Task instructions.
The whole listing below needs to be duplicated exactly, pictures aside.

Data.
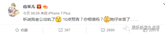 今天上午应采儿在微博上主动替老公澄清,还调侃“狗仔辛苦了”,简直可爱。
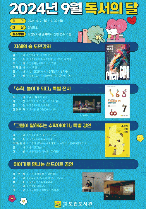 [¹Ìµð¾îÀü³² Á¦°¥´ëÁ¾ ±âÀÚ]Àü³²µµ¸³µµ¼°üÀÌ 9¿ù µ¶¼ÀÇ ´Þ µµ¹ÎÀÇ µ¶¼¹®È ÇâÀ¯¸¦ À§ÇÑ Æ¯º° Àü½Ã¿Í °¿¬, °ø¿¬, üÇè µî ´Ùä·Î¿î º¹ÇÕ¹®ÈÇà»ç¸¦ °³ÃÖÇϰí ÀÖ´Ù. ¾î¸°ÀÌ ºÐ¾ß ¼±Á¤ µµ¼ ¡®Ã¥ Àд °í¾çÀÌ ¼²ÇÄ¡¡¯ ÀúÀÚ À̰æÇý ÀÛ°¡¡¦
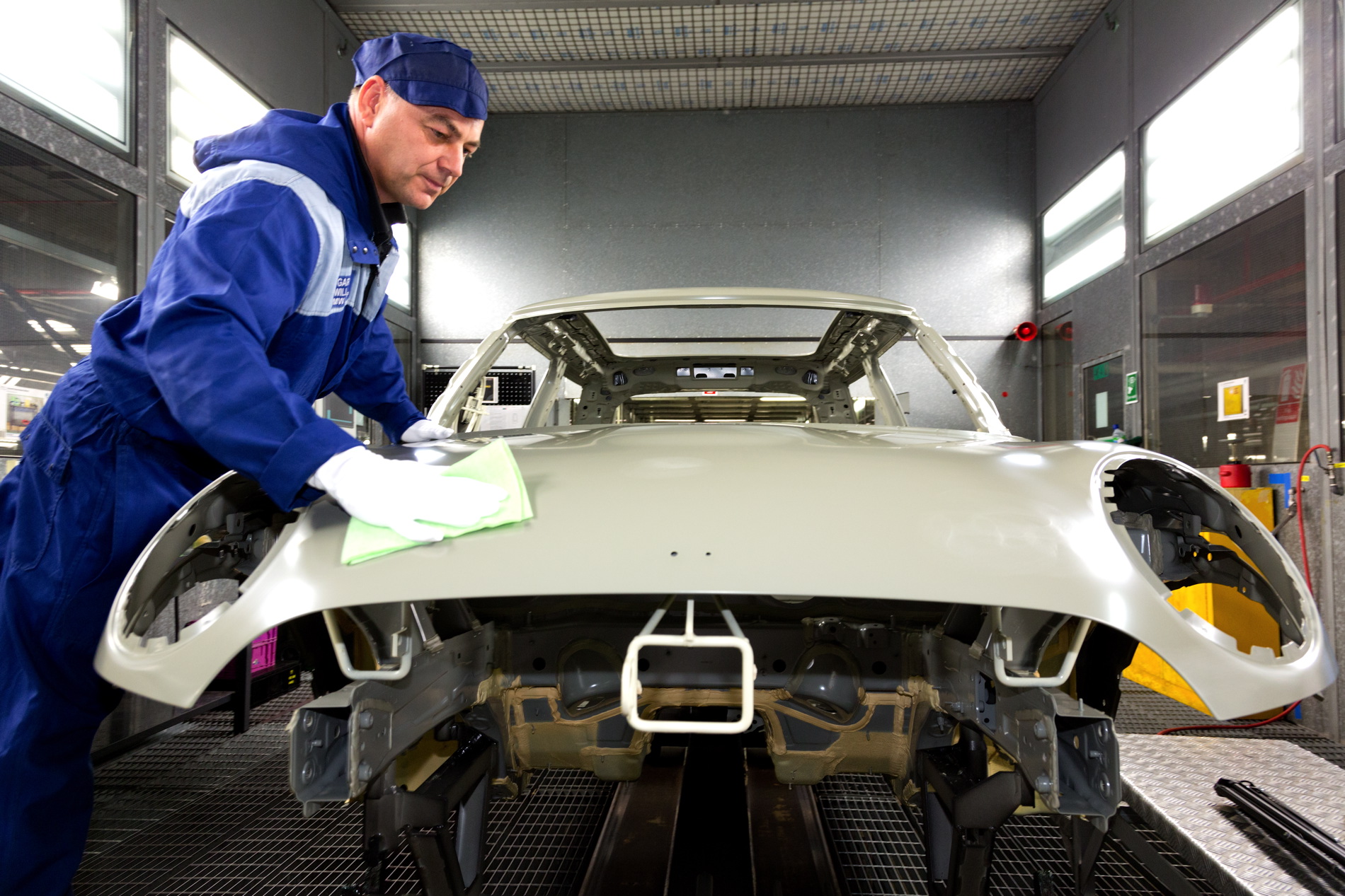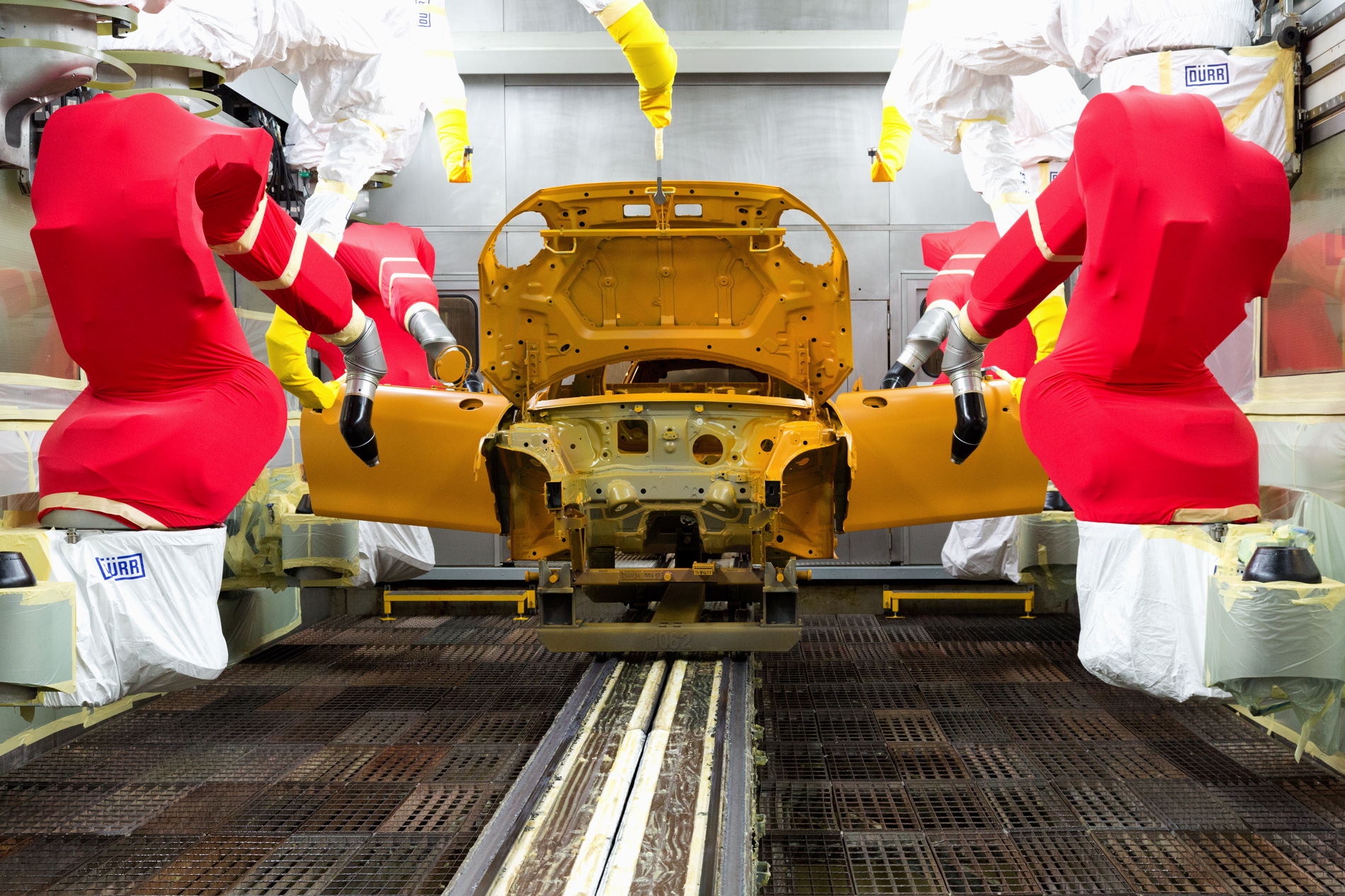 After that, the newly assembled body-in-white is ready for paint. The MINI Oxford plant holds the first paint shop worldwide to use an IPP, integrated paint process. Car bodies are painted in bulk and sorted by colour, not by model and it takes 15 seconds to change colors. MINI employees take such car to rid the freshly painted cars of dust and dirt that they use ostrich feathers, as they’re extremely soft and fine.

Written response.
 今天上午应采儿在微博上主动替老公澄清,还调侃“狗仔辛苦了”,简直可爱。
 [¹Ìµð¾îÀü³² Á¦°¥´ëÁ¾ ±âÀÚ]Àü³²µµ¸³µµ¼°üÀÌ 9¿ù µ¶¼ÀÇ ´Þ µµ¹ÎÀÇ µ¶¼¹®È ÇâÀ¯¸¦ À§ÇÑ Æ¯º° Àü½Ã¿Í °¿¬, °ø¿¬, üÇè µî ´Ùä·Î¿î º¹ÇÕ¹®ÈÇà»ç¸¦ °³ÃÖÇϰí ÀÖ´Ù. ¾î¸°ÀÌ ºÐ¾ß ¼±Á¤ µµ¼ ¡®Ã¥ Àд °í¾çÀÌ ¼²ÇÄ¡¡¯ ÀúÀÚ À̰æÇý ÀÛ°¡¡¦
 After that, the newly assembled body-in-white is ready for paint. The MINI Oxford plant holds the first paint shop worldwide to use an IPP, integrated paint process. Car bodies are painted in bulk and sorted by colour, not by model and it takes 15 seconds to change colors. MINI employees take such car to rid the freshly painted cars of dust and dirt that they use ostrich feathers, as they’re extremely soft and fine.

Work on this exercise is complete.